DVM6: Alles im Blick, alles im Griff

Herr Foroughi, warum ist es wichtig, bei der Mikroskopie auch die Ergonomie buchstäblich nicht aus den Augen zu verlieren?

Ganz einfach: Nur wer entspannt ist, macht keine Fehler. Der typische Einsatzbereich des DVM6 ist in der Regel die Qualitätskontrolle beispielweise in der Automobil- oder Elektronikindustrie. Da wandern mitunter pro Tag Dutzende von Proben über den Tisch. Jede muss sorgfältig überprüft und mit ausgedruckten Referenzbildern verglichen werden. Bei einem Okularmikroskop muss das Auge dabei immer wieder neu fokussieren: Blick durchs Okular auf die Probe, Blick auf die Ausdrucke neben dem Mikroskop. Diesen ständigen Wechsel hält kein Mensch über längere Zeit ohne Konzentrationsdefizite aus.

Der Monitor ist offensichtlich die optimale Benutzerschnittstelle bei der Inspektion großer Stückzahlen. Was hat das DVM6 hinsichtlich der Ergonomie noch zu bieten?

Eine ganze Menge. Beispielsweise die Einhand-Bedienung.

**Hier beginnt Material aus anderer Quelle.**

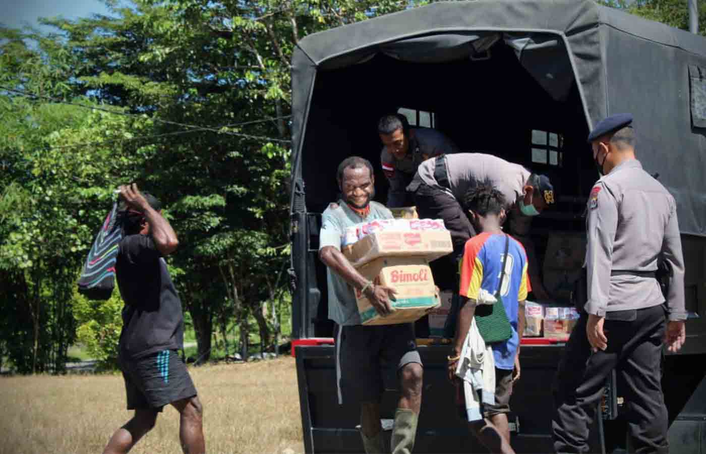 Warga Kampung Mandiri Jaya menrerima bantuan dari Brimob Batalyon B Pelopor Polda Papua.
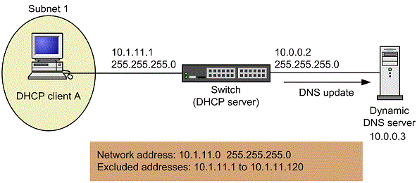 Sets a zone for the 11.1.10.in-addr.arpa. domain for reverse DNS resolution, and specifies the DNS server defined in step 5 (10.0.0.3) as the dynamic DNS server.

Im laufenden Betrieb lassen sich Objektive mit nur einer Hand wechseln, und der intelligente manuell-motorisierte Hybridantrieb für Probentisch und Fokustrieb sorgt für weiteren Komfort.

Apropos Objektive: Bei der Inspektion werden ja meist unterschiedliche Vergrößerungsfaktoren benötigt, vom generellen Überblick bis zur Kontrolle feinster Details. In vielen Labors sind dafür unterschiedlich Mikroskope im Einsatz, kann das DVM6 auch hier punkten?

Das Vergrößerungsspektrum dieses Mikroskops ist so bemessen, dass sich sowohl makroskopische als auch mikroskopische Inspektionen durchführen lassen. Der Wechsel erfolgt in Sekundenschnelle. Möglich macht dies das 16:1 Zoom. In Verbindung mit der passenden Objektivauswahl sind Vergrößerungen von 12x bis zu 2350x möglich. Nicht zu vergessen: Durch den Autofokus mit der Option auf kontinuierliches Nachführen entfällt auch das manuelle Scharfstellen.

Mit diesem Mikroskop lässt sich offenbar viel Zeit sparen. Und da es sich um ein digitales System handelt, drängt sich natürlich die Frage nach der Software-Anbindung auf.

Unsere Softwarepaket LAS X ist die optimale Ergänzung des DVM6, vor allem bei sich wiederholenden Aufgaben. Das System speichert alle Einstellungen automatisch im Hintergrund. Dabei sorgen die kodierten Funktionen stets für präzise, zuverlässige und fehlerfreie Daten.

Ein technisch so hoch angesiedeltes Instrument wie das DVM6 erfordert doch sicher eine umfangreiche Einarbeitungszeit, oder?

Ganz im Gegenteil: Die Bedienung ist bewusst einfach gehalten und beschränkt sich für den typischen Anwender auf wenige Handgriffe. Dieser Pragmatismus hat einen einfachen Grund: Er spart Zeit und sichert kontinuierlich präzise Ergebnisse. Und das ist letztlich das, was zählt.